Problem requirements> In the entries that follow, find the line containing "Lady Antebellum’s Hillary" and the line containing "Smocked Polka Dot Long Sleeve Dress", then retype exactly the lines from the first through the second, pictures excluded.

Data section>
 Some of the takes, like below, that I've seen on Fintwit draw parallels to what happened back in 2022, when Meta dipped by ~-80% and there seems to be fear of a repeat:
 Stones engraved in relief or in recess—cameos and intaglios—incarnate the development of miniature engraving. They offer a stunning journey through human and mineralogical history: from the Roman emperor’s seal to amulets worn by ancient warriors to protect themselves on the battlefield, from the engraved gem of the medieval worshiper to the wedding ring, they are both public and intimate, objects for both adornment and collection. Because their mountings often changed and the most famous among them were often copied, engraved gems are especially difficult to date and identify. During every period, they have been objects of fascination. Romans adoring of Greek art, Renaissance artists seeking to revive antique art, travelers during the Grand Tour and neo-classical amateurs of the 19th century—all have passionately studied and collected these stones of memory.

==

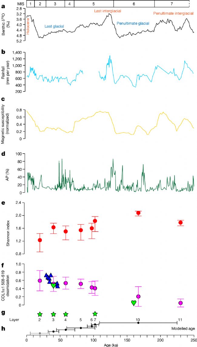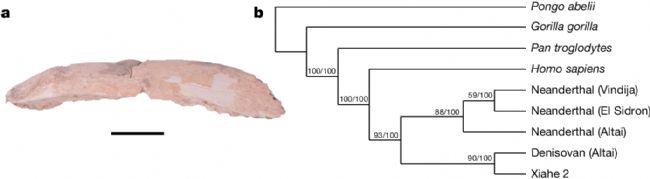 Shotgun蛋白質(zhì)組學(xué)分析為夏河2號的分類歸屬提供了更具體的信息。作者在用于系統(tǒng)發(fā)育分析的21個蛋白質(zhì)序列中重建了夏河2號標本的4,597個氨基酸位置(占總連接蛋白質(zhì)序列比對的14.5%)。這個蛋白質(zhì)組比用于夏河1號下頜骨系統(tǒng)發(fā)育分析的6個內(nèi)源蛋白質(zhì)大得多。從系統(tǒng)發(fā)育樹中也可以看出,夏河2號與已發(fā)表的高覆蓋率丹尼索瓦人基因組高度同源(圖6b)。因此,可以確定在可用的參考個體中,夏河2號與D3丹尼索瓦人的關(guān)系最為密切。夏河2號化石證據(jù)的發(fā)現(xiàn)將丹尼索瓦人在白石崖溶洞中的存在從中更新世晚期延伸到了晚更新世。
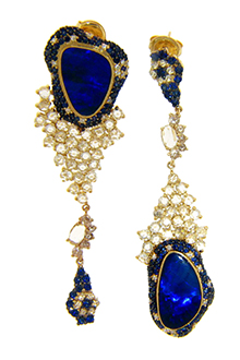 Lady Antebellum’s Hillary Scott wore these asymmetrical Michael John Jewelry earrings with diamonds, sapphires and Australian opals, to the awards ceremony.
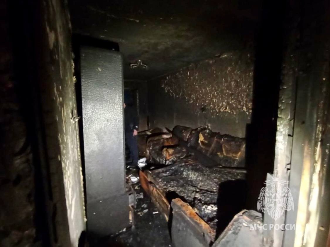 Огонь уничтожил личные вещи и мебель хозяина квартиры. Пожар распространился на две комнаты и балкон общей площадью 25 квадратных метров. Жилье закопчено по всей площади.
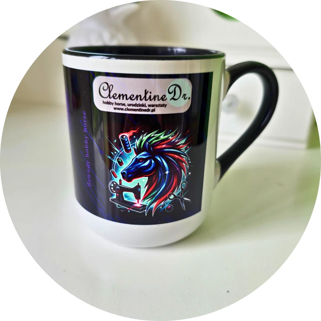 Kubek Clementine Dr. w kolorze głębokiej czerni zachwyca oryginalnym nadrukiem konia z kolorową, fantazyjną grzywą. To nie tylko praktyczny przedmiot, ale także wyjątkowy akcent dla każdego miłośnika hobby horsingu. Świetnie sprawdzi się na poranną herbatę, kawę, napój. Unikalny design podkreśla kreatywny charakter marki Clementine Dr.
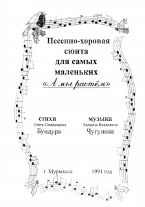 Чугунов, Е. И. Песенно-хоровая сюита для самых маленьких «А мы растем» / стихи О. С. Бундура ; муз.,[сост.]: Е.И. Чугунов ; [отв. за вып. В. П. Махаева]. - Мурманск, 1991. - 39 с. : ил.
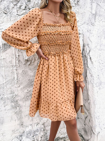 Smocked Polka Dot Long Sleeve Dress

...

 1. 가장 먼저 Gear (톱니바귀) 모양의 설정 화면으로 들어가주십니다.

Result of this exercise>
 Lady Antebellum’s Hillary Scott wore these asymmetrical Michael John Jewelry earrings with diamonds, sapphires and Australian opals, to the awards ceremony.
 Огонь уничтожил личные вещи и мебель хозяина квартиры. Пожар распространился на две комнаты и балкон общей площадью 25 квадратных метров. Жилье закопчено по всей площади.
 Kubek Clementine Dr. w kolorze głębokiej czerni zachwyca oryginalnym nadrukiem konia z kolorową, fantazyjną grzywą. To nie tylko praktyczny przedmiot, ale także wyjątkowy akcent dla każdego miłośnika hobby horsingu. Świetnie sprawdzi się na poranną herbatę, kawę, napój. Unikalny design podkreśla kreatywny charakter marki Clementine Dr.
 Чугунов, Е. И. Песенно-хоровая сюита для самых маленьких «А мы растем» / стихи О. С. Бундура ; муз.,[сост.]: Е.И. Чугунов ; [отв. за вып. В. П. Махаева]. - Мурманск, 1991. - 39 с. : ил.
 Smocked Polka Dot Long Sleeve Dress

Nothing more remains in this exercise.